Tank is going through hard Times because of my lazy mistakes...

-had some cardboard to separate soil and Sand, and forgot it when flooding, After one week all the rotala near the cardboard started to melt...one New pot of rotala and cardboard removed, problem solved.
-diatoms, green Fuzz algae, buces melt because of New soil and New filter media...starting to look better.
-wood still floating!
-fungus everywhere, added 6 clithons and neritina snails to eat it, seems to work

Tomorrow Big water change and filter cleaning because of all the mess released by the Wood.

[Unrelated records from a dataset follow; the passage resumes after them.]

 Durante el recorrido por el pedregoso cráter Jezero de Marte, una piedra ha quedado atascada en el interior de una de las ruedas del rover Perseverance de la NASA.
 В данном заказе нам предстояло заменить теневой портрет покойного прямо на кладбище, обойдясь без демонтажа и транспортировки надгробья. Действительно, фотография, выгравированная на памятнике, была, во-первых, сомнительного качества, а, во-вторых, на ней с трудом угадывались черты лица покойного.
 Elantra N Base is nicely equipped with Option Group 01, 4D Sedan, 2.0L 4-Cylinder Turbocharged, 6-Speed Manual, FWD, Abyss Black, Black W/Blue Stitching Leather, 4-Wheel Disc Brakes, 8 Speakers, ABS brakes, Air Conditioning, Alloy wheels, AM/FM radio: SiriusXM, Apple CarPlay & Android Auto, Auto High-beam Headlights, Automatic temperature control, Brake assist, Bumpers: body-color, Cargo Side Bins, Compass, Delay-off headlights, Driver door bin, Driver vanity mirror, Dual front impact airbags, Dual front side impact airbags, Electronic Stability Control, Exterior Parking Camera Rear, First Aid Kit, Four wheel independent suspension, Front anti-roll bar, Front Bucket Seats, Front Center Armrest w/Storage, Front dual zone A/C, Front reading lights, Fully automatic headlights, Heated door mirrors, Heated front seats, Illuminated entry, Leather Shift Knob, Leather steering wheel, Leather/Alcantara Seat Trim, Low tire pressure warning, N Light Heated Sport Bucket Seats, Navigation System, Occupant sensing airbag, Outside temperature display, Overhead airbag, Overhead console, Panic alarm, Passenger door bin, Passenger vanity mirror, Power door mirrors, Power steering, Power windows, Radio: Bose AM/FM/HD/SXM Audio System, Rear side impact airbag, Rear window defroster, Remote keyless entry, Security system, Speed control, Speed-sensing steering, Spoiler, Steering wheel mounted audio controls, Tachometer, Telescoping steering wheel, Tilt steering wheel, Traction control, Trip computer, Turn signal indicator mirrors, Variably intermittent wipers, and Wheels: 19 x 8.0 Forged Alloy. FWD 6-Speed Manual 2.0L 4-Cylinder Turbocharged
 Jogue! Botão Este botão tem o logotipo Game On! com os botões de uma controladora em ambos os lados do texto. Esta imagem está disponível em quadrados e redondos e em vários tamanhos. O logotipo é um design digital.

Starting to considering iwagumi again for my next scape 





Cheers


----------



## CooKieS (2 Oct 2019)

Couldn't resist this wooden magnet...thanks @Kalum for the Idea


----------



## CooKieS (3 Oct 2019)

Added 10 of these little gems today, more to come next month.

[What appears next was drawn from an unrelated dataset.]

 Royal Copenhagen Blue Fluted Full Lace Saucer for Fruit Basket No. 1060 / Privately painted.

Those are brevibora dorsiocellata, small, active , schoaling, and beautiful colors with bright blue eyes, really help to get good sense of scale in the 60p. 

Cheers


----------



## Conort2 (3 Oct 2019)

CooKieS said:


> Added 10 of these little gems today, more to come next month.
> 
> Those are brevibora dorsiocellata, small, active , schoaling, and beautiful colors with bright blue eyes, really help to get good sense of scale in the 60p.
> 
> Cheers


Looking good!

Be careful with these they love to jump. I’ve lost a few even with a cover, they still seem to find the gaps. Lovely fish though and their eyes glow.

Cheers

Conor


----------



## Kezzab (3 Oct 2019)

Like this! Good work.


----------



## Nigel95 (5 Oct 2019)

Nice scape

Personally I only add bucephalandra when the tank is stabilized/cycled this way the chance of melt is much lower.

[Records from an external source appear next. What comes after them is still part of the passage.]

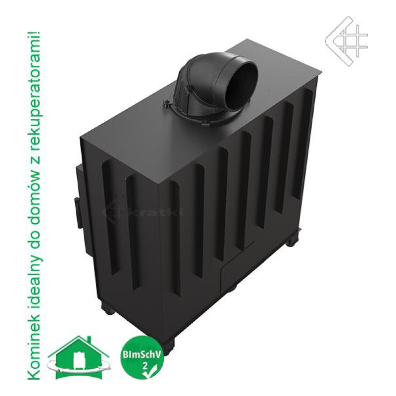 Krbová vložka KRATKI je vyrobena z kotlového plechu tl. 4 mm a vyložena speciální akumulační vystýlkou ACUMOTTE. Díky počítači řízeným CNC strojům a robotickým svářečkám jsou ocelové díly i celková úprava naprosto přesné. Vložka má dvojité spalování a centrální regulaci. Regulace vzduchu se řídí šoupátkem - při otevření do 50% je vzduch přiváděn do horní části topeniště, kde nastává dopalování plynů, a také na sklo (oplach skla). při pozizi 50 - 100% je přiváděn také rovnou pod rošt. Vložka má přívod vzduchu z exteriéru.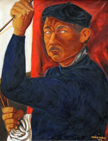 Lot 18 MIGNECO Giuseppe, Autoritratto 1954 olio su tela cm. 70 x 55, L. D'Eramo, "Migneco, catalogo generale, volume I", Bonaparte Editrice, Milano, 1986, p.170, ill.. . Firma, data "Migneco, 54" (in basso a destra)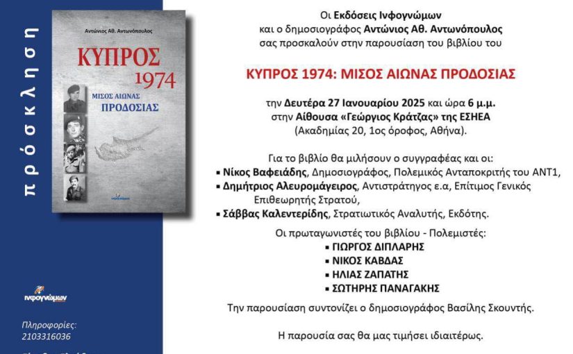 ΑΘΗΝΑ. Το βιβλίο του «Κύπρος 1974: Μισός Αιώνας προδοσίας» (Εκδόσεις Ινφογνώμων) παρουσιάζει τη Δευτέρα στην Αίθουσα Γεώργιος Καράτζας της ΕΣΗΕΑ...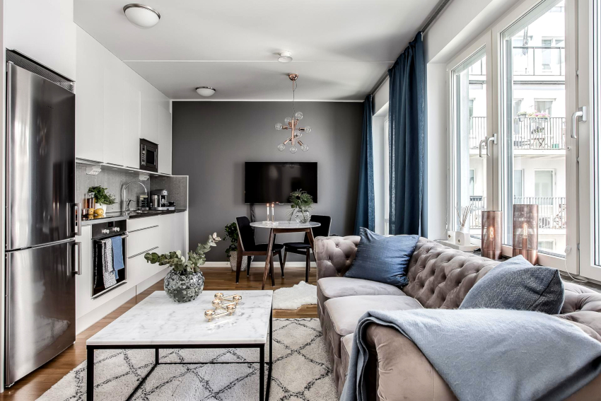 - Canapés compacts - ne surchargez pas la pièce avec des volumes excessifs, la préférence devrait être donnée aux modèles ergonomiques.
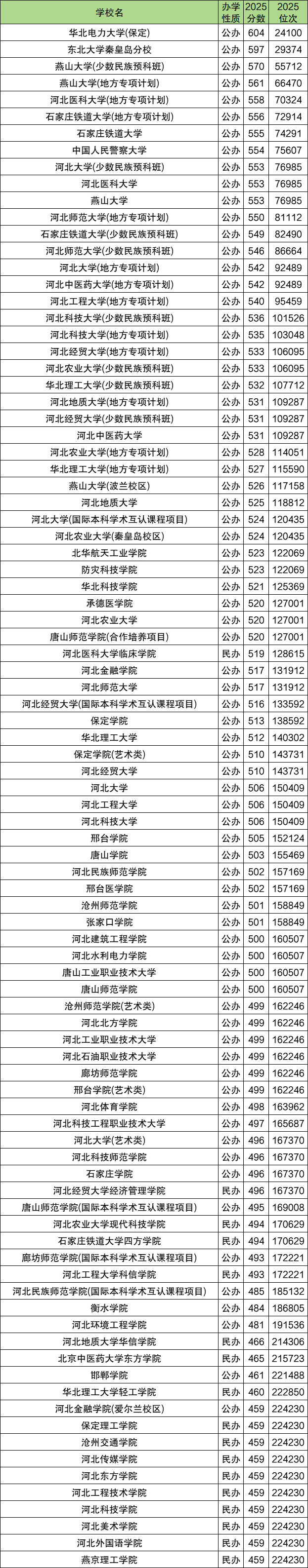 低分段(500分以下,位次6万后):主要为民办院校,如河北地质大学华信学院(483/60848)、华北理工大学轻工学院(483/60848)和河北金融学院爱尔兰校区(477/64897)。这些学校录取门槛较低,适合位次靠后的考生保底。

Regarding dry start, I only dry start with mosses and plant when I'm flooding the tank.

What happend with the wood and cig filters method? Did you only made 1 connection and only used glue sparingly? 

Sent from my LYA-L29 using Tapatalk


----------



## CooKieS (9 Oct 2019)

Conort2 said:


> Looking good!
> 
> Be careful with these they love to jump. I’ve lost a few even with a cover, they still seem to find the gaps. Lovely fish though and their eyes glow.
> 
> ...



Well, thanks for the advice, would have loved to read this BEFORE buying them (have read a lot about them on seriously fish and youtube but no mention of jumping, well every little asian schooling fish seems to love that unfortunately);

So I already lost two, dried on my floor...one the first day, he was scared of the skimmer and jumped behind the tank, the another this week when we had visit and some 3 years old kid smashed on the glass...

They are very shy, I'm thinking of adding some dithers to help them getting confident, can't decide between microrasbora kubotai (very active but same color pattern as the brevibora) or hyphessobrycon amandae (those are shy too). We'll see.



Nigel95 said:


> Nice scape
> 
> Personally I only add bucephalandra when the tank is stabilized/cycled this way the chance of melt is much lower.
> 
> ...



Thanks Mate.

About buce, only the new one that was from in vitro pot had melted, but you're right, they are very sensitive to water parameters...

Thanks for the tip about dry start, I've no patience to try it yet, but one day I will, I promise. 

The cig filters didn't work as expected because I haven't had enough room to put them properly between hardscape, would love to try it again but with stone hardscape this time and BEFORE putting all the hardscape in the tank. It seems that it works better when the 2 piece you want to attach are pressed against each other.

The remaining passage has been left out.